Incipit del libro “Un posto nel mondo”
Sono in una clinica. Seduto su una sedia scomoda in una sala d’aspetto che guarda sul cortiletto interno. Tutto è tranquillo. Silenzioso e pulito.
Francesca è a pochi metri da me in un’altra stanza. Sta per partorire nostra figlia.
Alice. Sono emozionato. Sono preoccupato. Penso a loro e penso a me. Francesca è la donna che amo. È un arcipelago. Un insieme di meravigliose isole che io, navigando nelle loro acque, visito in tutte le loro delicate forme. Di lei conosco ogni piccola sfumatura, ogni minuscolo dettaglio. Conosco i suoi silenzi, la sua gioia. I suoi mille profumi, l’ombra dei suoi baci, la carezza del suo sguardo. Amo la rotondità della sua calligrafia. La luminosità delle sue spalle nude e il suo collo a cui ho sussurrato i miei più intimi segreti. Sono incantato dalla capacità che hanno le sue mani di creare attimi di eternità dentro di me. Adoro i territori dove mi conduce quando mi abbraccia. Territori che conosco pur non essendoci mai stato. E nonostante tutta questa conoscenza riesco ancora a emozionarmi e a regalarmi istanti di stupore. Lo so: sono sdolcinato, stucchevole e patetico, ma non posso farci niente. Credo sia la conseguenza naturale di quando si incontra finalmente il piede che calza alla perfezione la scarpetta che tengo in mano da anni.
Francesca ha detto di amarmi e io le credo. Non solo perché lo dice, ma anche perché lo avverto in tante cose, nei piccoli gesti, nelle attenzioni che lei non sa nemmeno di fare. Di questo è totalmente inconsapevole, così come il mare non sa di chiamarsi mare. Mi accorgo che mi ama anche dal fatto che quando sto con lei ho spesso voglia di fischiare e canticchiare.

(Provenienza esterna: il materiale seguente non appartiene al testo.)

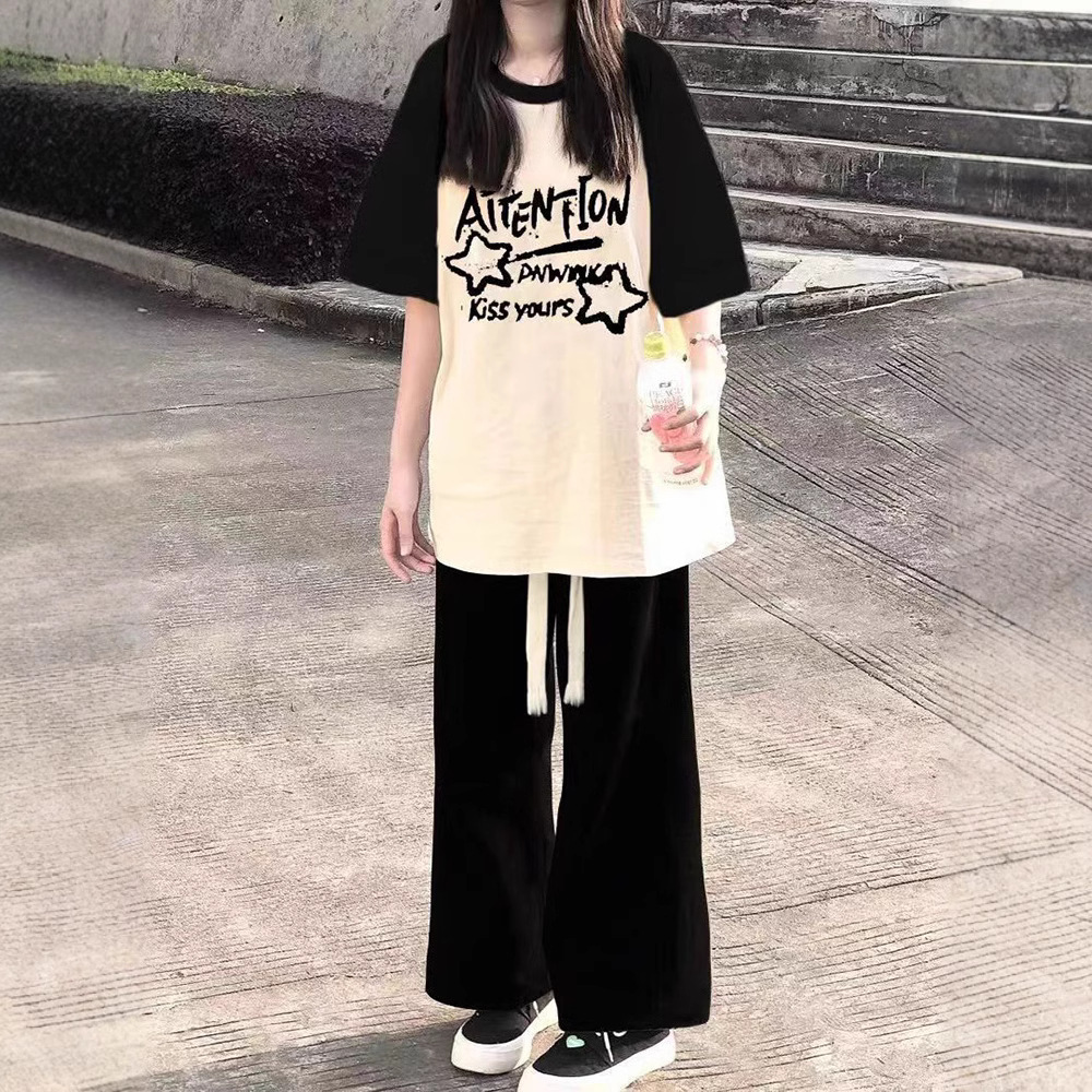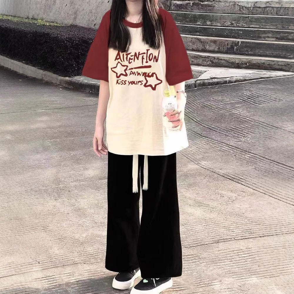 夏装纯棉盐系少女撞色短袖T恤高中初中学生休闲时尚宽松休闲ins潮
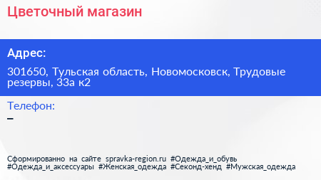 Цветочный магазин по адресу 301650, Тульская область, Новомосковск, Трудовые резервы, 33а к2 в дальнейшем Организация, размещена в следующих категориях:

Qualche ora fa stavamo passeggiando per strada vicino a casa. Ci regaliamo spesso questi momenti. Passeggiare insieme la notte ci fa bene. Parliamo di noi, e di come viviamo questo appuntamento importante della vita. Condividiamo il nostro sentire. Quando viviamo un momento che ci emoziona, ci chiediamo a vicenda di farci una domanda su quell’istante per aiutarci così a preservarlo meglio nella memoria. A volte invece passeggiamo senza parlare.

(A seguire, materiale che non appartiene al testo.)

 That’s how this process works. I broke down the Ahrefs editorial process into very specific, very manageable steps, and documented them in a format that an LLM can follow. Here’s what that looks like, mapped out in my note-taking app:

Amandoci abbiamo spesso buoni motivi per stare in silenzio. Non passeggiamo solo ora che Francesca è incinta, lo facciamo da sempre. Soprattutto d’estate perché ci piace sentire il suono delle TV uscire dalle finestre. A volte rimaniamo un po’ ad ascoltare i programmi e a vedere le ombre e la luce che i televisori proiettano sui muri. Questa sera ci siamo fermati di fronte alla panetteria vicino a casa. È una notte di maggio e le TV ancora non si sentono. Di fianco alla panetteria c’è il forno.

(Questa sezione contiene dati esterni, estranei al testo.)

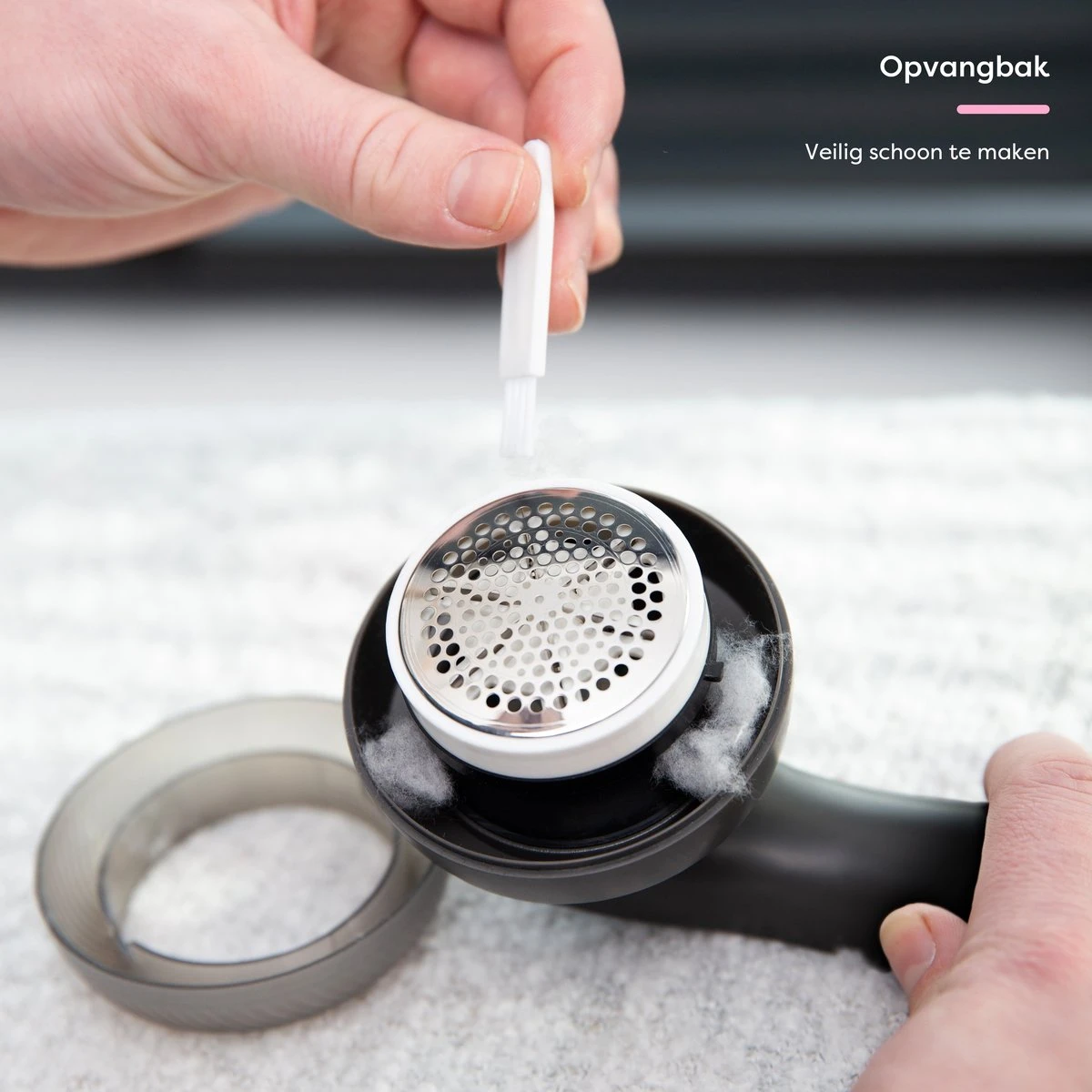 Onze Finenza pluizenverwijderaar is eenvoudig schoon te maken. U kunt het apparaat eenvoudig uit elkaar te halen, zodat u de pluisjesverwijderaar gemakkelijk kunt reinigen en onderhouden. De pluisjes en haren worden opgevangen in een grote opvangbak die gemakkelijk te verwijderen en te legen is. Dit bespaart u veel tijd en moeite bij het opruimen van de opgevangen pluisjes en haren.

Sull’altro lato della strada c’è sempre una sedia. Serve a tenere occupato il parcheggio per quando devono caricare il pane. Mi sono seduto con Francesca in braccio. Tutto ci accarezzava: la luce del mattino che stava arrivando, il vento, il profumo di pane, i rumori di chi lavorava. L’ho guardata negli occhi, quegli occhi con cui da tempo anch’io vedo il mondo. L’ho annusata sul collo come un marinaio annusa il profumo del mare al mattino. La sua pancia ha iniziato a muoversi.